Work task: Copy, exactly as written, the lines that begin at the one containing "苗栗縣議員陳光軒日前向苗栗縣" and end at the one containing "Josephstraat 166 is". Skip any pictures in the data below.

Data to process:
□ □ □ □ □ □ □

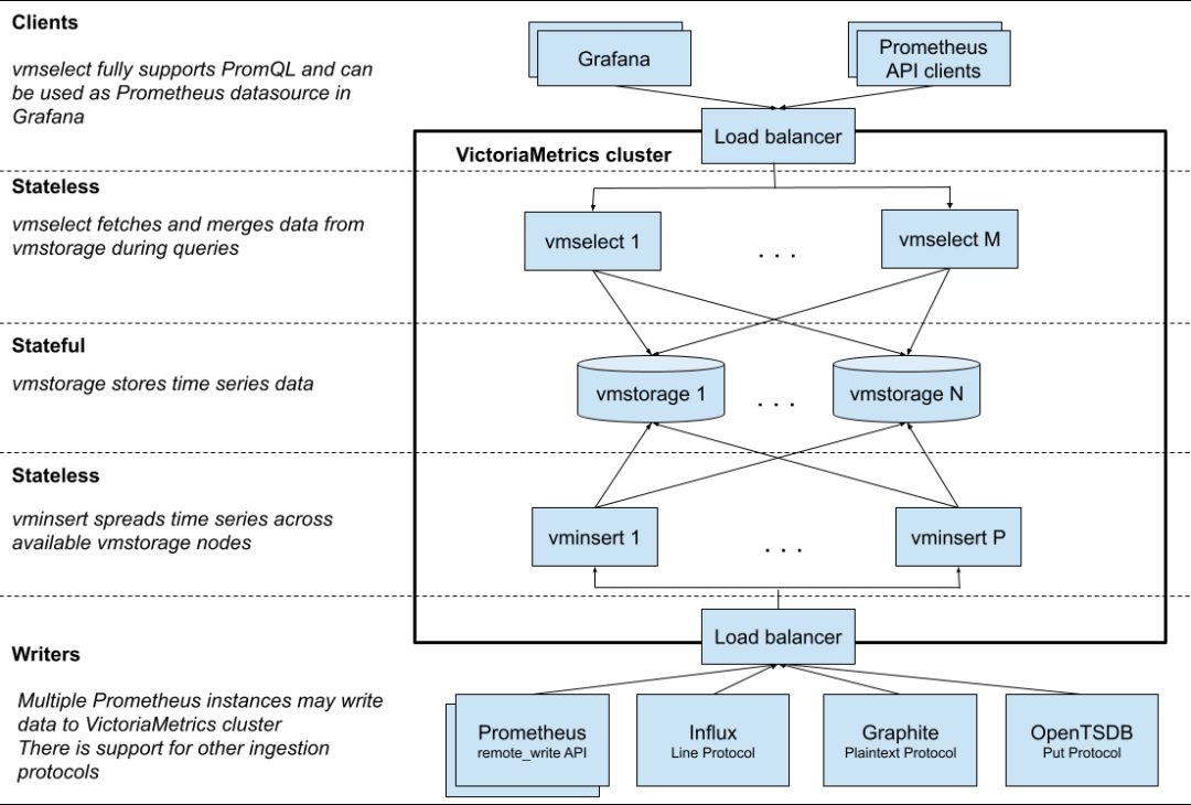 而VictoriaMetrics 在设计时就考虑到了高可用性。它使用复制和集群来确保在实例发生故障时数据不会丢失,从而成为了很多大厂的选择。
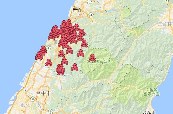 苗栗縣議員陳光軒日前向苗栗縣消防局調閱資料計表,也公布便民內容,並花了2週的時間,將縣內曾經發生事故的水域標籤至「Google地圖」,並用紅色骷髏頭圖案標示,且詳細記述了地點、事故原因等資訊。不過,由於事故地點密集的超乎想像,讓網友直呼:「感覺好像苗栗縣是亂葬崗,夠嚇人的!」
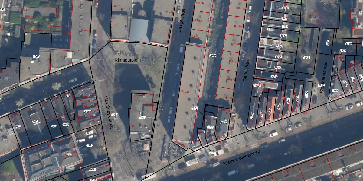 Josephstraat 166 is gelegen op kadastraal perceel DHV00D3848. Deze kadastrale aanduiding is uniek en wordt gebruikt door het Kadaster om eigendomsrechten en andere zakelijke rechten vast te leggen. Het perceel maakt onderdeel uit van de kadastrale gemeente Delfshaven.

□ □ □ □ □ □ □

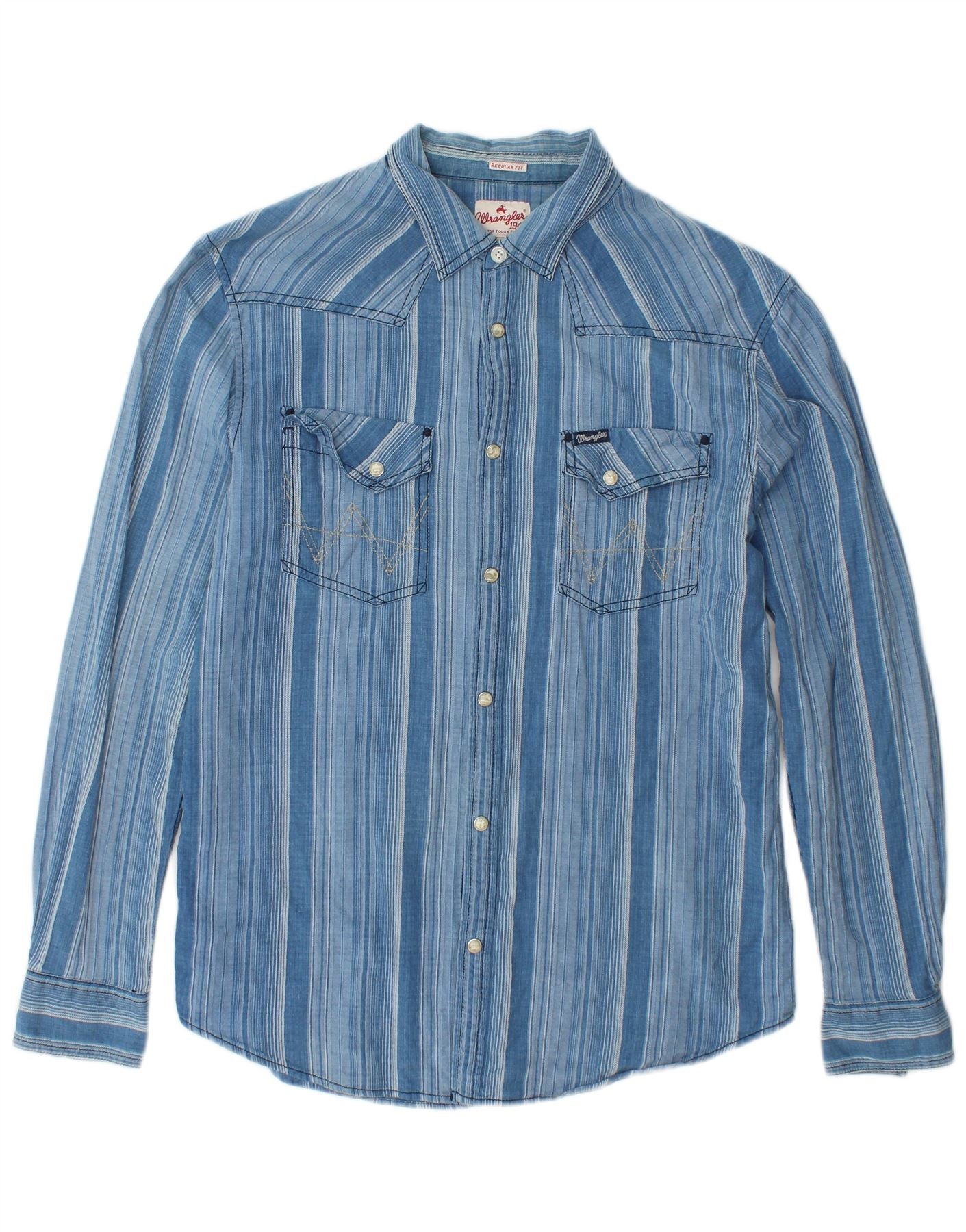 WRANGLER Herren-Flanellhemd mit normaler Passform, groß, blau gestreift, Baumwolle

□ □ □ □ □ □ □

Solution to this problem:
 苗栗縣議員陳光軒日前向苗栗縣消防局調閱資料計表,也公布便民內容,並花了2週的時間,將縣內曾經發生事故的水域標籤至「Google地圖」,並用紅色骷髏頭圖案標示,且詳細記述了地點、事故原因等資訊。不過,由於事故地點密集的超乎想像,讓網友直呼:「感覺好像苗栗縣是亂葬崗,夠嚇人的!」
 Josephstraat 166 is gelegen op kadastraal perceel DHV00D3848. Deze kadastrale aanduiding is uniek en wordt gebruikt door het Kadaster om eigendomsrechten en andere zakelijke rechten vast te leggen. Het perceel maakt onderdeel uit van de kadastrale gemeente Delfshaven.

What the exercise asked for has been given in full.